Reading Response # 4- Letter to Marjane Satrapi

Dear Marjane Satrapi,

I am writing you to inform you that I am reading your autobiography "Persepolis" for my english class. I have read it for a month so far and by reading your life story in only a month made me think a lot about how life in Iran must have been in the eighties, compared to the United States were everything was picture perfect back then. The first issue that made me ponder was the whole issue of social class. In your memoirs you state that people in lower social classes were being recruited to join the army just because they do not have money, and have no means of getting a higher education. But also the way that the Iranian army tried to get the young men who were in the lower social class, was promising them a better afterlife with 42 virgins for them to have. This Ms. Satrapi has happen to me as well because I do not come from a family with money. So the army was trying to persuade me, by telling me that they will pay for my education if I want to continue to get a Higher education. Just because I come from a low income family, does not mean I need to join the army. I could always find other way of entering college like acquiring a job to pay my education. I see this as a similarity for both of our countries but the only difference is that in the United States we are able to work up the social ladder if we are not happy with the type of social class we are in and for your country you can not, you have to remain in your social class and marry someone within it or else you might be ridiculed or maybe even be condemned from society.

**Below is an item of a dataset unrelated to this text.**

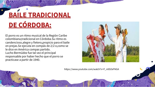 El porro es un ritmo musical de la Región Caribe colombiana,tradicional en Córdoba.Su ritmo es candencioso,alegre y fietero,propicio para el baile en prejas.Se ejecuta en compás de 2/2 o,como se le dice en América compas partido.Lucho Bermúdez fue tal vez el principal responsable por haber hecho que el porro se practicase a partir de 1940.

In addition, the second similarity that I thought about when reading your autobiography was in both in the United States and Iran, people in those countries tend to criticize each other upon social status. Especially people who are in the upper class make fun others because they have better things than others. I feel that we both come from the same worlds because I agree with you with the same issues that I just told you about. Before I close my letter to you I would like to ask you if you would return to your home country? and what would you have done if you had the chance when you were little to change the way Iran was ruled? Also, I think that everyone should read your autobiography to understand the way other countries are ruled outside the United States and it was a unique you showed your memoirs in graphic novel way which makes it an interesting read.